Model fit is assessed through sampling the posterior predictive distribution
$$ {p({{\mathcal{D}_{s}}}\mid{{\mathcal{D}}_{i}})} = \int {p({{\mathcal{D}_{s}}}\mid{{\theta}})}{p({{\theta}}\mid{{\mathcal{D}}_{i}})}\, \mathrm{d}{\theta}, $$
(6)
where \({\mathcal {D}_{s}}\) is simulated data as generated by the model. We compute the 50% and 95% credible interval (CrI) of \({p({{\mathcal {D}_{s}}}\mid {{\mathcal {D}}})}\) by: 1) generating simulated data for each posterior sample generated by the SMC-ABC sampler; and 2) computing quantiles of the simulation state distribution at each observation time.
The posterior predictive distribution is also used to asses flare-up risk. After model calibration using data up to 9 June, we continue simulations to 24 June and obtain CrIs for oscillatory behaviour relating to localised flare-ups and additional waves.

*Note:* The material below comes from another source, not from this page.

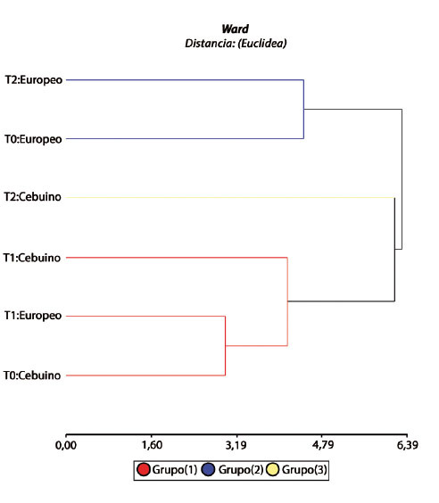 Figure 2. Grouping of clusters as treatment and racial component based on the set variables analyzed in “La Vega” beef cattle farm of the Agronomy School of Technological Institute of Costa Rica from the San Carlos Regional Headquarters located in Alajuela of Costa Rica. 2014.

Parameter point estimation and uncertainty quantification
Parameter point estimates are also obtained from the approximate posterior sample with the lowest average discrepancy with the observed data (See SupplementaryMaterial). Parameter uncertainty is reported using 95% CrI for the marginal approximate Bayesian posterior distributions (See Supplementary Material). This uncertainty quantification encompasses all plausible parameter combinations within the achieved acceptance threshold of the ABC-SMC method.
Correlation analysis
We use the point estimates to evaluate which factors have had the greatest impact on the COVID-19 outbreak evolution across countries. For each country, we manually classify the state of the outbreak for each country on 13 April based on the trend in the daily reported cases and active case numbers. These stages are: the growth stage–characterised as an increasing trend in daily reported cases numbers; the post-peak stage–characterised by declines in daily case numbers, indicating the curve is flattening; the recovery stage–characterised by declines in active case numbers. Spearman’s rank-order correlation coefficients are computed between each parameters and observed data at T= 13 April (i.e., cumulative case numbers, CT, recoveries, R, and deaths, DT).